Participants were tested in a sound-proof booth and were told that they would listen to a “forgotten language” that would not resemble any language that they might be familiar with, but which had its own rules and grammar. They were told that the language had its own rules for the forms of words, and that those words were not known to them from any other language they might be familiar with. The instructions were provided entirely in the beginning of the experiment. The instructions explained that the experiment had three phases, and during each phase several words from the language would be played. The participants were informed that the language had more words and syllables than what they heard in the familiarization phases. After each familiarization phase, they would have a short test, and at the end there would be a final test. Each test would be different from the other tests, and the tests were meant to check what they had noticed about the language that they listened to. They were instructed to decide, by pressing a Yes or a No button, if the words that they heard in the tests could be possible in the language that they heard. The experiment lasted around 5 minutes.

Test string types

All test items were 3-syllable strings designed as four different types: grammatical familiar, ungrammatical novel, grammatical novel, and ungrammatical familiar (as presented in section 4 above). Each of the three intermediate tests had four test strings (one of each type), and the final test had eight strings (two of each type). Thus, there were (4 +4 +4 +8 =) 20 test strings in total, and they were used in all three entropy conditions (complete test item set in Appendix).

Experiment 1: results

In order to test the effect of input complexity on generalization, the High Entropy, Medium Entropy and Low Entropy conditions were compared in a Generalized Linear Mixed Model, with Accuracy (correct acceptance/rejection) as dependent variable and Entropy condition, Test String Type x Entropy condition interaction, Test phase x Entropy condition interaction as fixed factors, and Subject and Trial as random factors. An alpha level of .05 was used for all statistical tests. We started fitting the data from the intercept-only model and added the random and fixed factors one by one. We report here the best fitting model, both in terms of model’s accuracy in predicting the observed data, and in terms of AICc (Akaike Information Criterion Corrected). There was a statistically significant Test String Type x Entropy condition interaction (F(9, 679) = 6.363, p = .000). There was no statistically significant main effect of Entropy condition (F(2, 679) = 0.401, p = .67). Results indicated a non-significant trend in the predicted direction for Test phase x Entropy condition interaction (F(9, 679) = 1.243, p = .26).

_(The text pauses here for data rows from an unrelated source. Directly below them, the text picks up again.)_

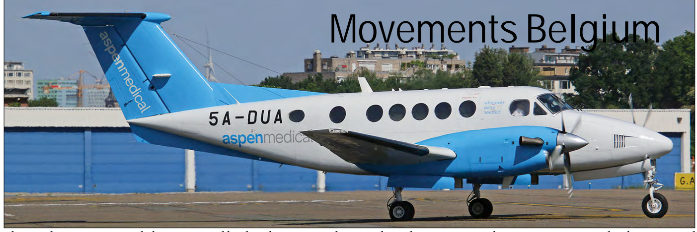
This Beech 200 was previously being operated by the Libyan National Meteorological Centre. Since at least May 2018 5A-DUA has been operated by Aspen Medical. The aircraft carries the Libyan Red Crescent logo on its left side. (Antwerp, 11 May 2020)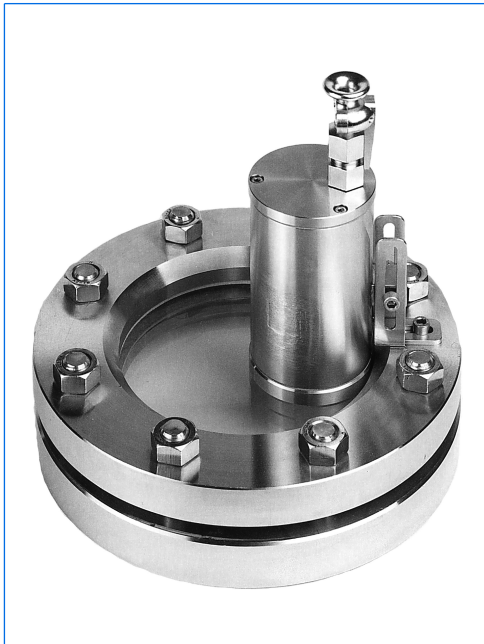
Sightglass light fitting type EdelEx d LED Sch K1, ca. 5 W, 100 - 240 V, Ex d IIC T6, Ex tD A21 IP65 T80°C, Ex II 2 G + D, mounted onto circular sightglass to DIN 28120, PN 10, DN 125.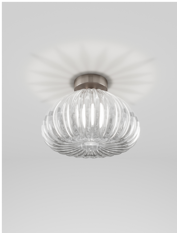
DIAMA PL G CR NI E27 CE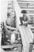
37. Henri Cartier-Bresson French, 1908 - 2004, active France, Mexico and Far East 1930s - 1940s Cattle Stockyards in Houston, Texas, 1957 Gelatin silver print Image: 25.5 x 16.7 cm (10 1/16 x 6 9/16 in.) The J. Paul Getty Museum, Los Angeles 2004.74.28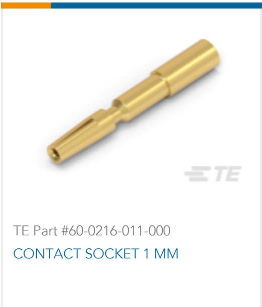
TE Part #60-0216-011-000 CONTACT SOCKET 1 MM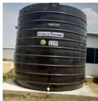
Water storage tank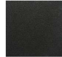
FL 06 Akanda

EcoSoft™ Environmentally Friendly Cushion Backing, Recycled and Recyclable Materials.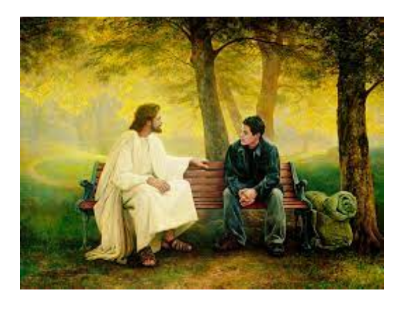
What A Friend We Have In Jesus Proverbs 18:24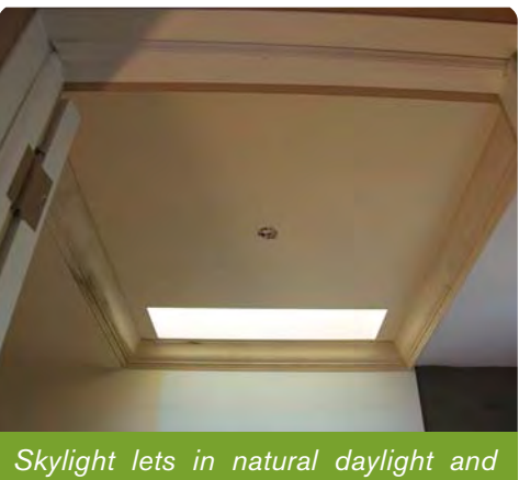
Skylight lets in natural daylight and helps reduce energy use.

The home's urban setting earned it GreenPoint Rated points. The neighborhood is well served by public transit, and shops, restaurants, neighborhood services and other amenities are in easy walking and bicycling range.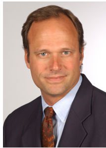
Holcim (US) Professor of Sustainable Enterprise Ross School of Business School of Natural Resources and Environment

Sponsored by: The Student Sustainability Initiative The Graham Environmental Sustainability Institute The Center for Research on Learning and Teaching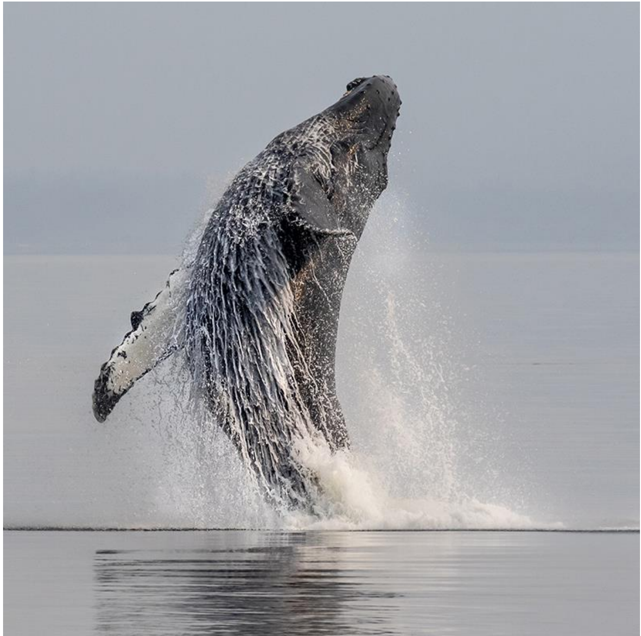
Explosive Humpback Breach by Dee Langevin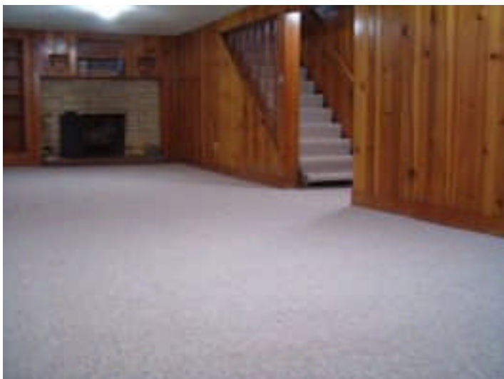
Rec Room with Fireplace & New Carpet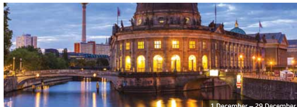
Berlin – Berlin Plaza Hotel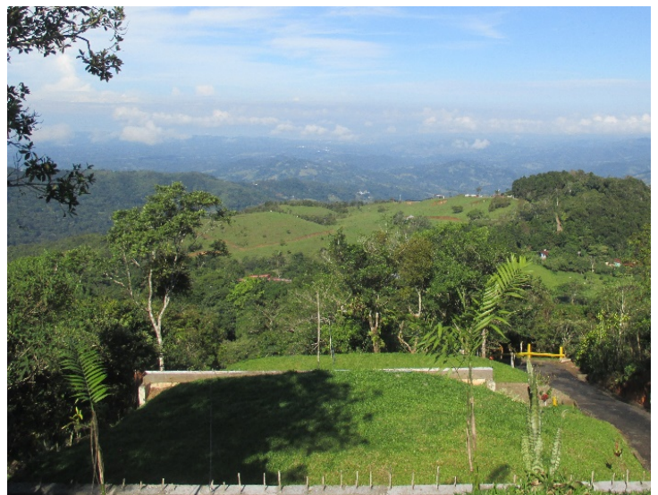
View as of 1 September, 2021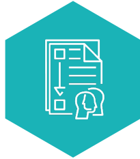
INDUSTRY SPECIFIC CONTRACTS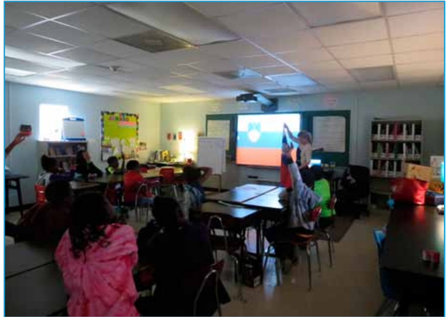
Learning about the national insignia.

The program is designed to combine embassy officials, teachers, and students from participating schools in order to expand the students’ knowledge of different countries worldwide. Teachers work with their students to help them learn about their adoptive country, and representatives from each embassy provide frequent cultural visits to their adopted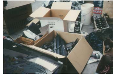
The boxes of parts for the 1984 Countach

and ABD piston rings made this project fun. Wonder what we can get out of this one on the dyno? Stay tuned!!!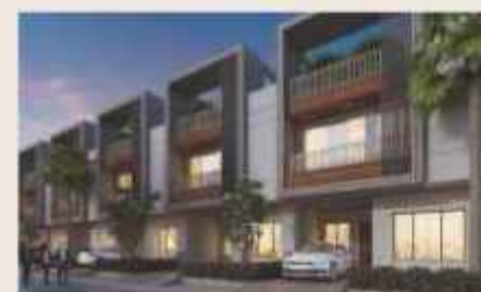
KRISHNA ENCLAVE Bhopal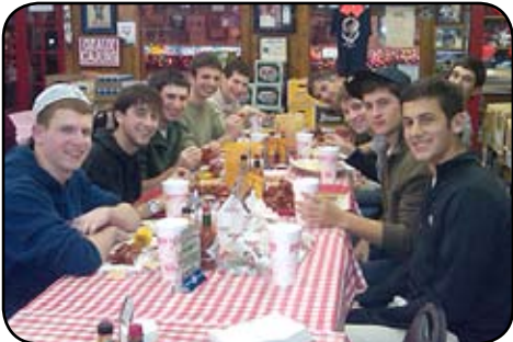
Houston Boys at the Ragin' Cajun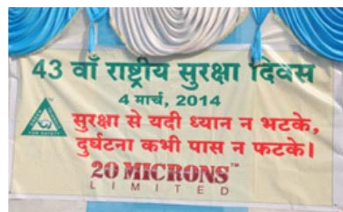
Celebrating 43 rd National Safety Day

4 th March is celebrated as a National Safety Day / Week throughout the country to increase awareness of safety in industries and their employees as well. This day is to rededicate ourselves to the cause of safety, health and environment for developing and sustaining safety culture in industrial organization.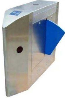
Single mechanism type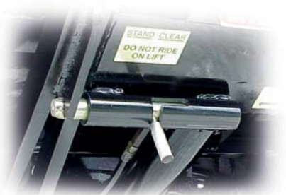
Easy access and highly visible, heavy-duty Latch Pin Assembly positively secures gate in closed position. This Anthony standard feature is the strongest and most visible latch in the industry.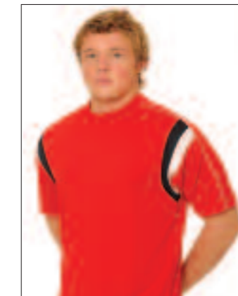
COL E * * RED / NAVY / WHITE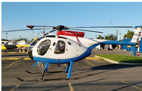
Hughes 500D Blade Tie-Downs, Doghouse Cover

presents the mean rate of acceptance (percentage of acceptances per group) across conditions for Familiar-syllable XXY and New-syllable XXY. The mean acceptance rate of New-syllable XXY in High Entropy was 80% (Mean = .80, SD = .403), in Medium Entropy was 73% (Mean = .73, SD = .446), and in Low Entropy was 65% (Mean = .65, SD = .480). One-sample Wilcoxon Signed-Rank tests indicated a statistically significant above-chance mean acceptance for New-syllable XXY in High Entropy (Z = 4.648, SE = 118.12, p = .000; Cohen’s effect size d = 0.6), in Medium Entropy (Z = 3.615, SE = 118.12, p = .000; Cohen’s effect size d = 0.47), and in Low Entropy (Z = 2.292, SE = 103.82, p = .022, Cohen’s effect size d = 0.31). In High Entropy there was a significant difference between acceptance of Familiar-syllable XXY and acceptance of New-syllable XXY (M =.167, SD =.376; t(3) = 2.721, SE =0.853, p = .007); in Medium Entropy there was also a significant difference between performance on these tests (M =.233, SD =.427; t(3) = 3.454, SE =0.838, p = .001); and in Low Entropy the difference between performance on these tests was also significant (M =.327, SD =.511; t(3) = 3.566, SE =1.158, p = .000). Further, Cohen’s effect size value (d = 0.36) and the effect-size correlation (r = 0.18) for the difference between performance on these tests in High Entropy vs. Low Entropy were higher than the same values for High Entropy vs. Medium Entropy (d = 0.15, r = 0.07), and also higher than the same values for Low Entropy vs. Medium Entropy (d = 0.21, r = 0.1). shows the mean rate of rejection for Familiar-syllable XYZ and New-syllable XYZ. The mean rejection of Familiar-syllable XYZ in High Entropy was 82% (Mean = .82, SD = .39), significantly different from the mean acceptance of Familiar-syllable XXY (t(3) =2.529, SE = 0.851, p = .012); 77% in Medium Entropy (Mean = .77, SD = .427), significantly different from the mean acceptance of Familiar-syllable XXY (t(3) =3.147, SE = 0.837, p = .002); and 91% in Low Entropy (Mean = .91, SD = .290), near-significantly different from the mean acceptance of Familiar-syllable XXY (t(3) =1.683, SE = 1.185, p = .093).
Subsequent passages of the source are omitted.